We know sex hormones play a profound role in brain health. When we take the ovaries and testes, thereby robbing the body of those hormones, it throws the entire endocrine system out of balance. Mental disorders and behavioral issues can and do occur as a result of hormone deficiencies.
Spaying/Neutering and Environmental Toxins Have a Similar Effect
The veterinary community is just beginning to recognize the relationship between sex hormones and behavioral issues in dogs. As Valente experienced with Billy, and as seen with many dogs, when the hormones are rebalanced, it can bring about a remarkable change in an animal’s demeanor and personality.
Dr. Valente believes metabolic diseases in dogs, such as diabetes, Cushing's and hyperestrinism (excess estrogen), are also linked to spaying and neutering. Many of the disorders, both physiological and behavioral, we’re seeing in dogs today are linked to desexing.
Endocrine disruptors, for example, dichlorodiphenyltrichloroethane (DDT), bisphenol A (BPA), dioxin and perfluorooctanoic acid (PFOA), are chemicals known to be dangerous to plant and animal life (including humans).

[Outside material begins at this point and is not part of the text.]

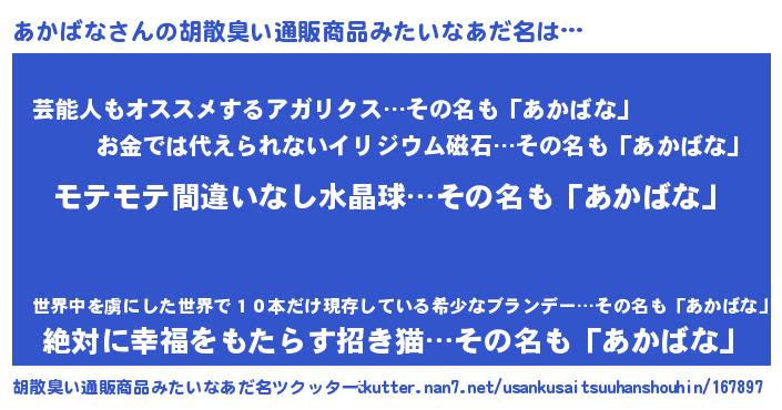 | ヘコむあだ名 | 『あかもー』『あかばな(遠い目)』 |

“What people don’t realize,” says Valente, “is these dangerous chemicals that we go to great lengths to avoid are actually working by the same mechanism spay-neuter does. In other words, both of them block or mimic sex hormones. That’s how they operate. When you look at the human and wildlife studies for endocrine disruptors, you see this whole spectrum of things that we’re talking about today, including diabetes, hyperestrinism, cancer [and] thyroid disease.
The equivalent of subjecting your dog to DDT or your children to BPA, those are the kinds of changes that are actually occurring in your dog’s body when you spay or neuter them. That, I think, helps people to really fully understand how this problem, this change in the endocrine system, changes everything. It affects all parts of the body in ways that we don’t yet even understand.”

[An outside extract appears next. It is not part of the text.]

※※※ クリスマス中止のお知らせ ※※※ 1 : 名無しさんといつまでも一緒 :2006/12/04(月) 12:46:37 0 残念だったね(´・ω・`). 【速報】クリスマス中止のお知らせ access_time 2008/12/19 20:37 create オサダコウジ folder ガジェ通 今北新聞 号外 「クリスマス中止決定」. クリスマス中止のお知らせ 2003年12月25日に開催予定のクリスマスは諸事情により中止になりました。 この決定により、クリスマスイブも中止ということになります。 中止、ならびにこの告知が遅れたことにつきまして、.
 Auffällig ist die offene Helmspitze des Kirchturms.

Dr. Valente mentioned that she read a dental association journal article about endocrine disruptors. In studies of rats, they’ve discovered a lack of estrogen or testosterone can even cause the failure of tooth enamel to develop properly!

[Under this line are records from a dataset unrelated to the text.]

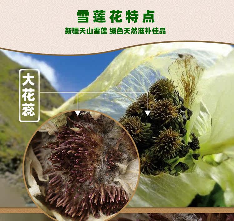 Male nourishing canine Xinjiang special production Tianshan Snow lotus dry flower hair weighs about 30 gr men and women nourishing and bubbling wine material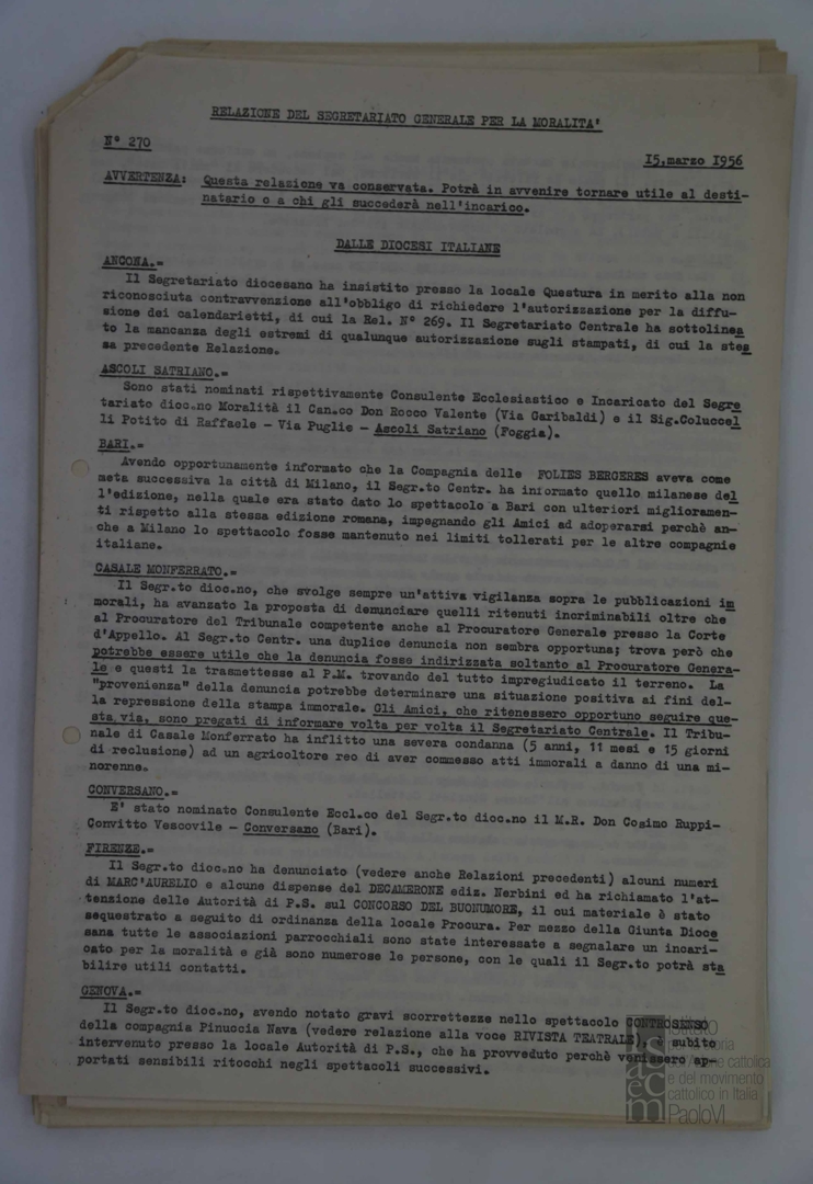 "Relazione del Segretariato Generale per la Moralità. Nr. 270"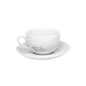 Medidas: Xícara - 5,5x11x5,5cm / Pires - 2x14x14cm (A x C x L) Capacidade para: 160ml Material: Porcelana

Solution — Sterilization That Preserves Dogs’ Sex Hormones
All of these issues are why Dr. Valente believes humans need to respect the importance of the sex hormones by performing tubal ligations or ovary-sparing spays on female dogs, and vasectomies on males. “It’s much easier to approach the problem that way than it is to continue to spay-neuter and try to clean up the problems as they occur,” says Valente.
Pet owners do spays and neuters, and then veterinarians do damage control for the rest of the dog’s life, always falling far short of returning the body to its natural state. It seems very wise to simply make better choices for dogs at the time of sterilization.
It’s not like our dogs get to live in a toxin-free environment to begin with. Chemical disruptors are everywhere. They’re in dog beds treated with flame-retardant chemicals. They’re in drinking water that is both chlorinated and fluoridated. They’re in grass treated with pesticides.
When we add the chemical insults that occur as the result of spay/neuter to the environmental toxins our dogs are exposed to, it’s a double whammy. In fact, Dr. Valente believes dogs probably have substantially more hormone-related problems than humans. She has channeled her heartache over Billy into a beautiful gift, the Healthy and Happy Dog website. The site offers other pet owners the information they need to advocate for their dogs and make better decisions for them.
It’s really inspiring to meet a pet parent like Dr. Valente who dives in head first and learns everything she can about an issue she feels passionate about.